5 12 2016

I’m getting around to outlining my thoughts on Irvin McDowell’s plan for the campaign on Manassas. If you’ve been following along, you know that I am firmly of the opinion that McDowell’s intentions and expectations for the campaign have been grossly misrepresented over the years, with resulting, understandable effects on the analysis of the failure of his plans (keeping in mind that reasons for the failure of plans and reasons for defeat are two very, very different things). While I think I’m no longer completely alone in that opinion, and may never have been, I’m still pretty sure I’m in a very small minority.

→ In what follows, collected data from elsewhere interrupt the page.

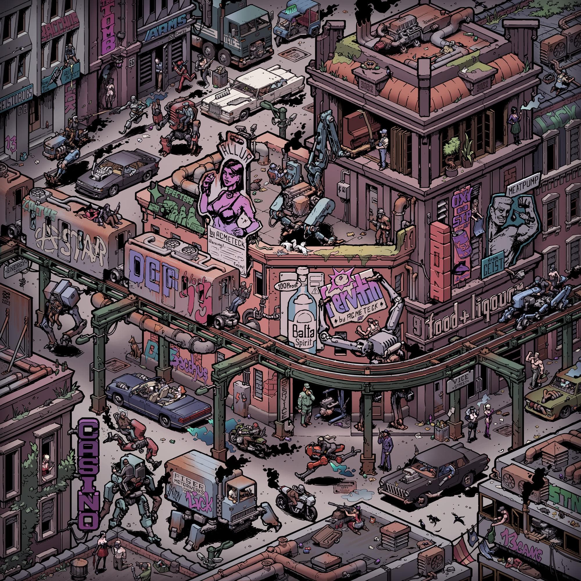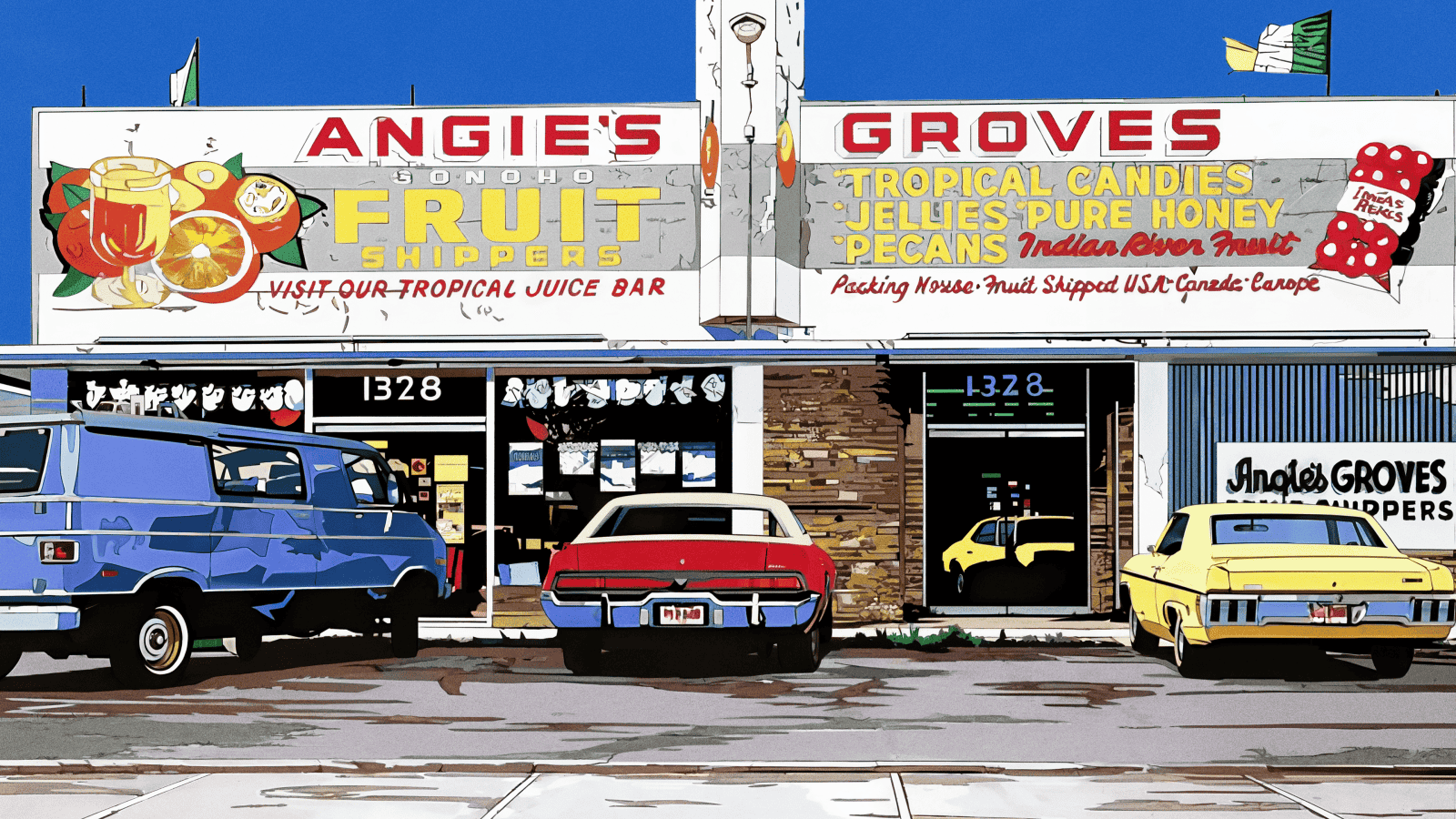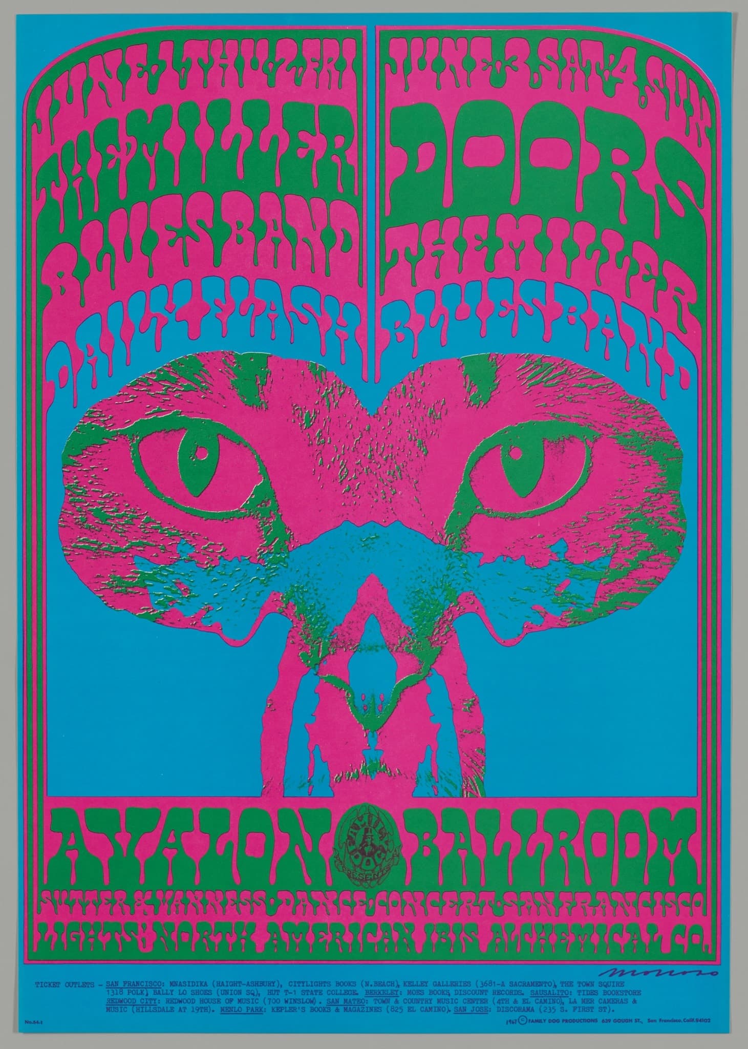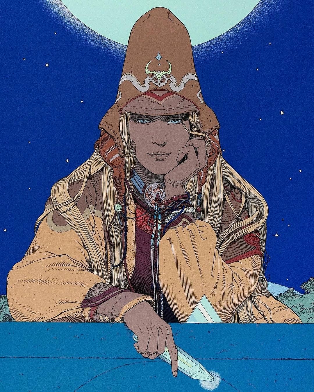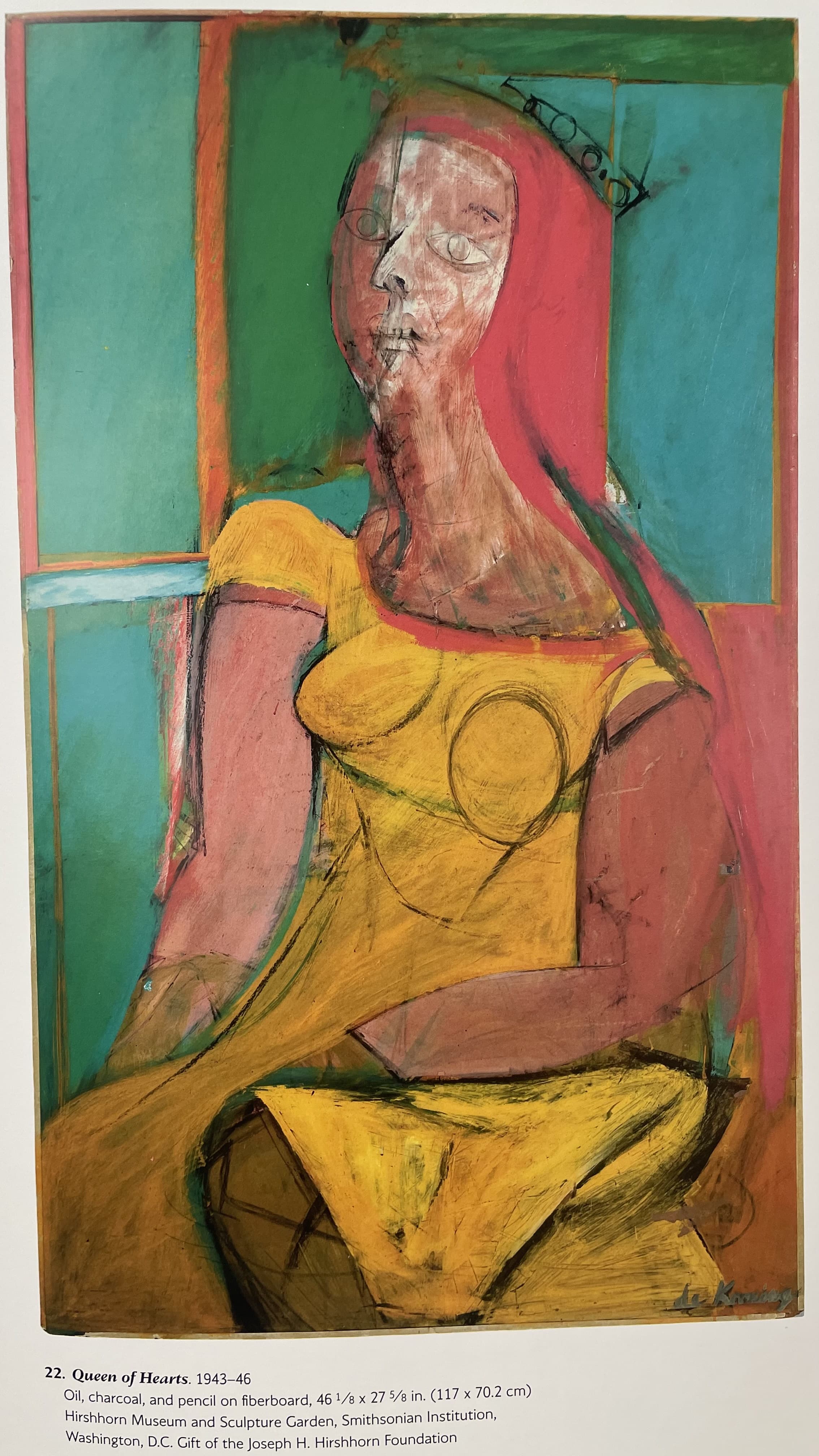 Graphic portrait of a woman with blue hair and a green jacket against a pink background
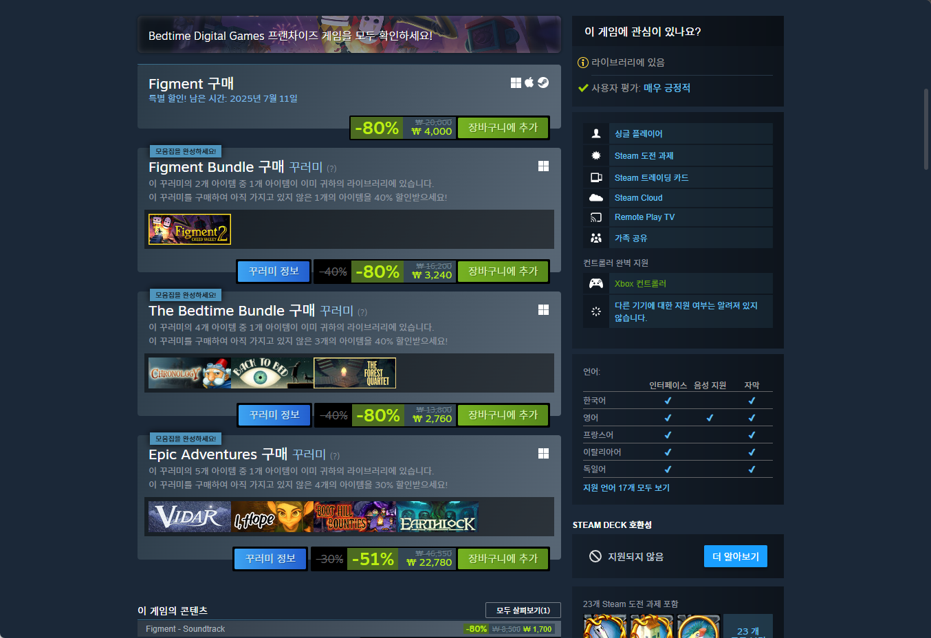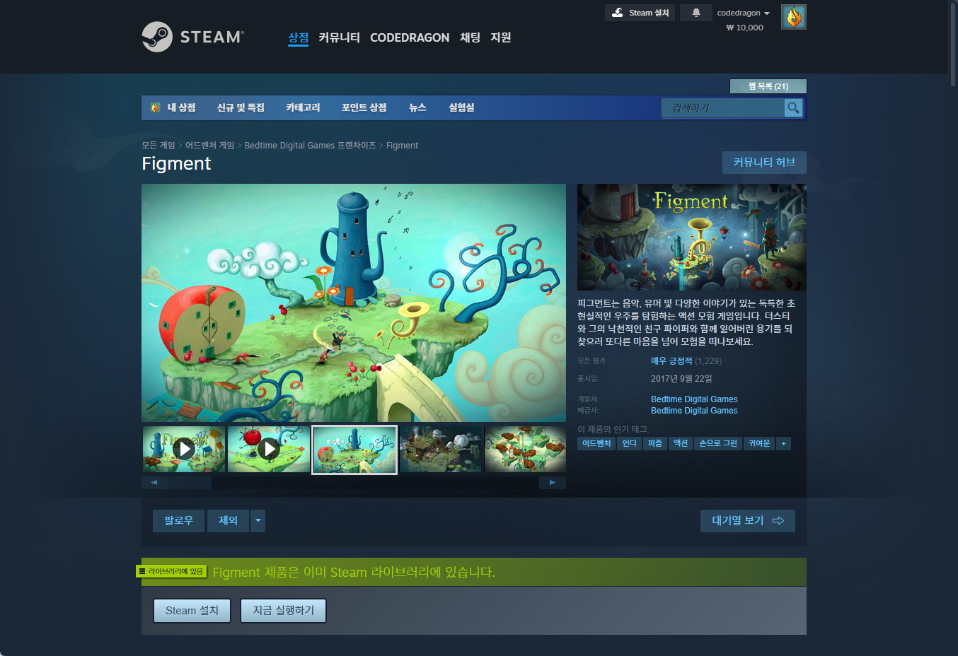 - "Figment (피그먼트)" 한시적 무료게임 구매하기
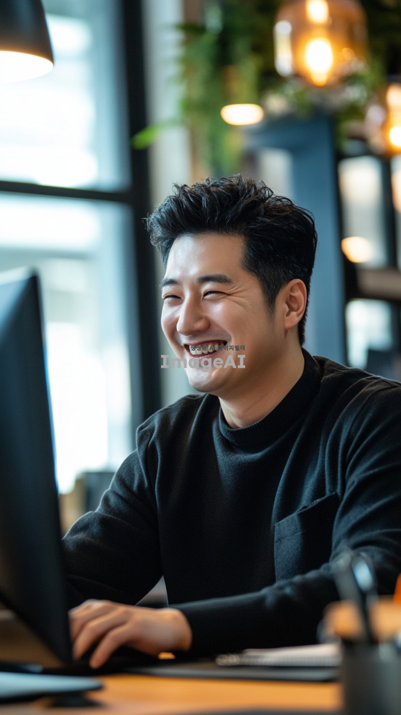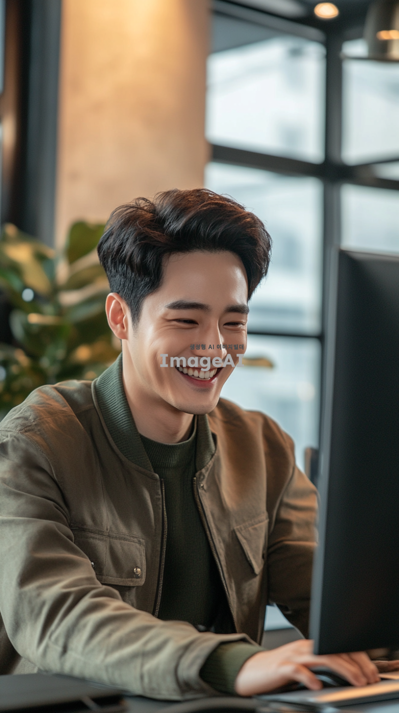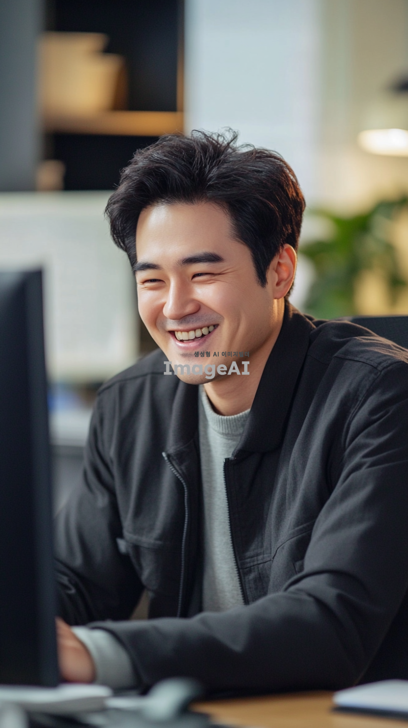 30대 한국인 남성이 근무복을 입고 컴퓨터 화면을 보며 미소 짓고 있는 장면, 사무실 배경, 자연스러운 조명, 현대적인 사무실 인테리어, 남성의 표정은 즐거움과 만족감이 느껴지도록 표현.

anteffcoverIn the meantime, I’m reading a very interesting book by Bradley Graham, The Antietam Effect. I’ve heard rumblings about this book over the past few years (self published in 2012), but never saw it until stumbling over it in the Fredericksburg Battlefield visitor’s center. This is a collection of essays dealing with various topics of the campaign. It’s wide-ranging, even eclectic. The titles listed in the footnotes may leave you scratching your head at first glance but, trust me, there’s a point to everything (and yes, you have to read the notes). I don’t necessarily agree with all the author’s conclusions, but I love his approach and find it very similar to my own, on a basic level.

One passage I found particularly intriguing, and applicable with some bending to my own experience with the historiography of First Bull Run, can be found on page 175:

To make their views more compelling, some authors enlist the unspoken opinions of key players…They engage in a species of psychological projection – projecting their own internalized impressions onto important historical characters. This cognitive bias tends to shape analysis, and good scholarship devolves into advocacy for the favored view, and the ascription of the author’s opinions onto those who did not espouse them.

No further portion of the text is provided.